Truesdale Lake  

South Salem, New York

First Lake Treatment 2018

The Pond and Lake Connection will treat the lake for the first time this season on May 15. We will be watching for the results.

from David Sachs’ post on truesdalelake.nextdoor.com:

James [Gorman, of Pond & Lake Connection] stopped by yesterday to look at the lake. Based on what he saw, he told us that “as of now, we will treat a 20-foot ring around the edge of the lake (meaning along the shore around the lake – for about 20 feet into the lake itself) and the large part of the south cove for any submerged vegetation. We shall try to leave the center part of the lake alone. If algae begins matting on the curly leaf, we can adjust from there.” James believes that “the more we leave growing in the center, the better we can be at controlling the algae.” The goal is to have some weeds growing; that helps to offset the algae growth.

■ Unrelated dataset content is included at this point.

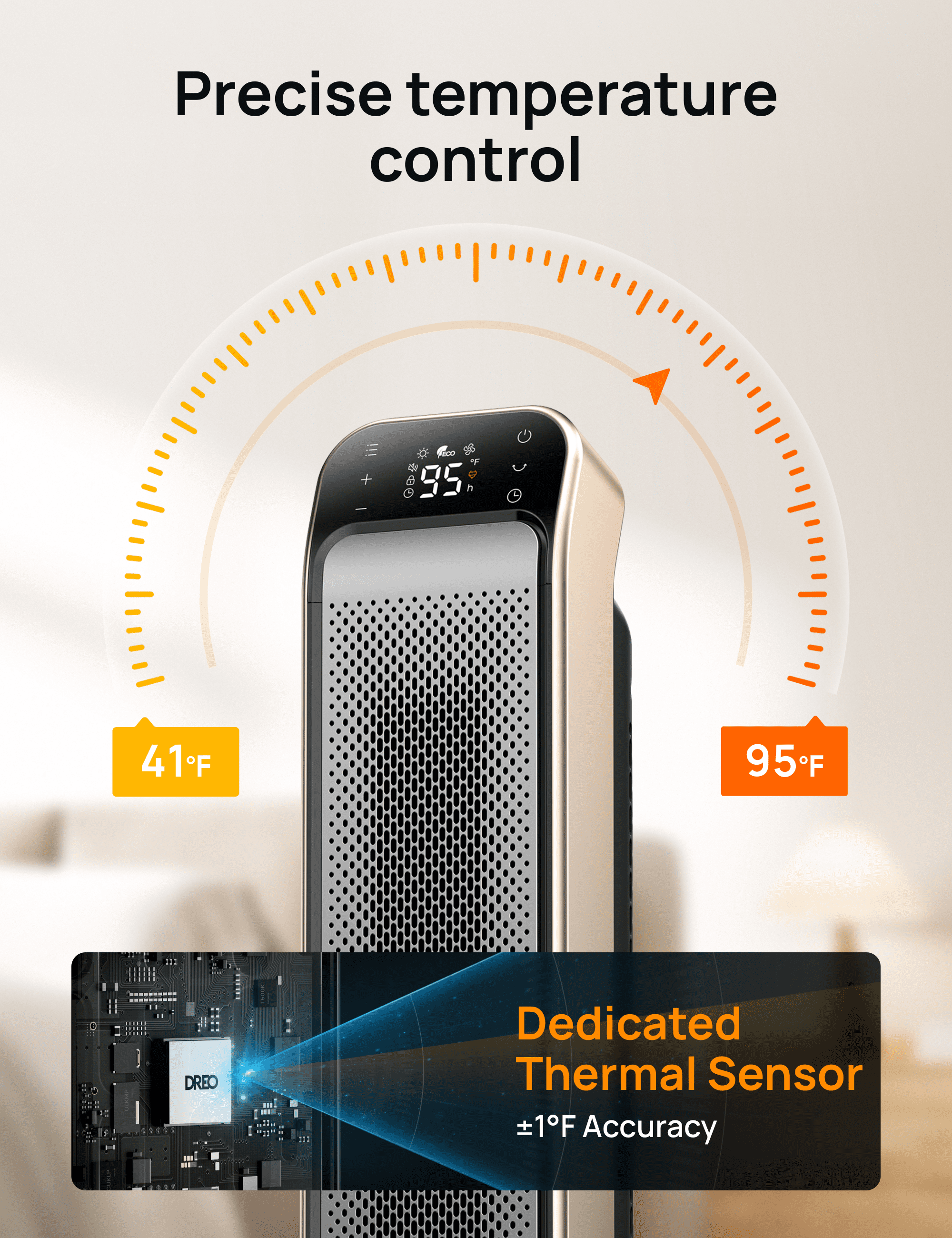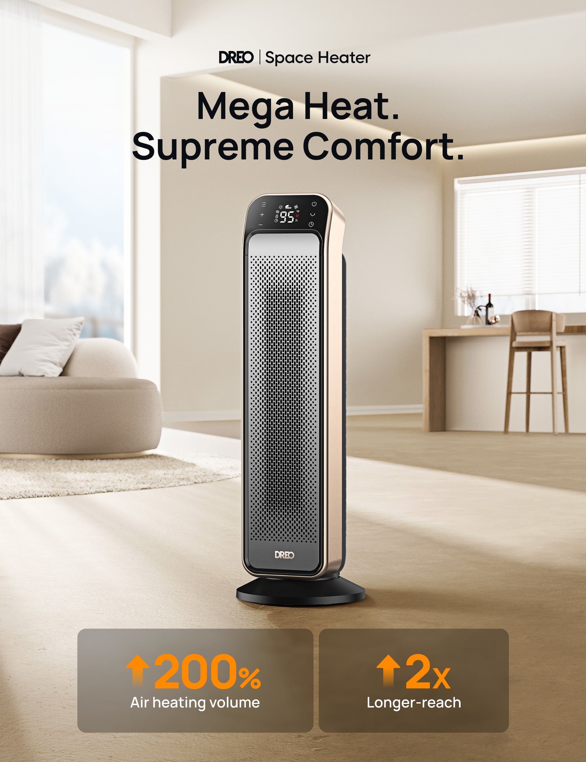 ☀️ The Ultimate Heating Experience Dreo’s upgraded 25″ ceramic space heater brings 12.5 ft/s fast heat thanks to its new hyperamics thermal design, while the extended impeller doubles the heat range making it the ideal space heater for large rooms and warmer winters. ☀️Unbreakable Safety This room heater for indoor is fully packed to safely warm up your winter. Built with V0 flame retardant material, reinforced plug, 45° tip-over and overheat protection certified by ETL. An additional child lock setting reduces the risk of accidents, making safer to heat and more secure to use. ☀️ Warm Your Nights in Absolute Quietness Dreo’s new airflow design brings down noise as low as 32dB, making this space heater for bedroom an ideal option to blow a comfortable warm air quietly, and enjoy a quiet, disturbance-free office or a good night’s sleep. ☀️ Precise Temperature Control Set room temperature with more accuracy than ever before, this space heater with thermostat uses a dedicated thermal sensor to gauge the room temp and adjust heating automatically in ECO Mode, temperature can be set between 41-95°F with 1°F precision for ideal comfort. ☀️ Expanded Heating Capabilities Bring warm air to every corner of your room. This portable space heater with 70° Wide Angle oscillation can easily cover areas of 100-270 sq ft. Choose from four heating modes (H1/H2/H3/ECO) according to your needs, and even use it as a fan to circulate the air when the room is too hot. ☀️ Intuitive Design, Seamless Lifestyle Dreo’s portable space heater blends seamlessly into your lifestyle. Its LEDs lights re designed to automatically make the screen and buttons bright and easy to see in daylight, or dim to ensure uninterrupted sleep during bedtime, and its remote control, carrying handle and bottom power cord storage makes it easy to control or move around the house.

Excerpted from my post last year around this time, there are several other things to keep in mind, in no particular order:

  • Truesdale is a lake, which has natural living things in it. We need to maintain a balance for the health of the lake. It will never be a swimming pool. I think many understand this after having lived here for years, but occasionally new residents are unrealistic in their expectations of water clarity and plant-free water. Learn to co-exist with the plants. If you don’t freak out about the plants, your kids won’t.
  • Truesdale is a shallow lake (deepest part overall is 16 feet, with the south end near the TEA beach having a deepest point around 8 feet) and that means the sun is always able to reach the bottom of the lake. This means the entire 83 acres is fertile ground for plant growth. It is going to happen. We can only affect it a certain amount.
  • Herbicides and Algaecides are not perfect by any stretch. They are effective in the short term, but they dissipate and dilute by their nature. However, they are the most cost-effective solution we have.
  • Solutions other than herbicide treatment can be very expensive (dredging, mechanical harvesting) and would require a steady source of tax-based revenue and a tax district to do on a lake-wide scale. There are some smaller scale (i.e several households size) efforts underway to address specific dredging areas, but the projects are being undertaken financially by individual homeowners or groups of homeowners, not lake-wide.
  • Other weed control alternatives like grass carp are essentially undirected biological weapons that give no guarantee that the carp will eat 1.) where your want them eat to and 2.) what you want them to eat. They can end up decimating the native plant life and allowing invasive plants to gain even more of a foothold. The fish can also root around the bottom of our lake, stirring up muck and nutrients and actually causing more problems with water clarity and weed growth. They also cannot be fished out if they become a problem.
  • Everything we do is a trade-off between time, money, and effectiveness. In addition to keeping a balance of nature, we are trying to balance the checkbook.

The bottom line is any solutions are management, not complete control. We have a limited number of levers to move to affect weeds and algae, and we (and the professionals we hire) do their best in the environment we are given. It’s all a cycle. Winter will be back before you know it so enjoy the warm weather now!

New ideas and undertakings are always welcome — we are all in this together.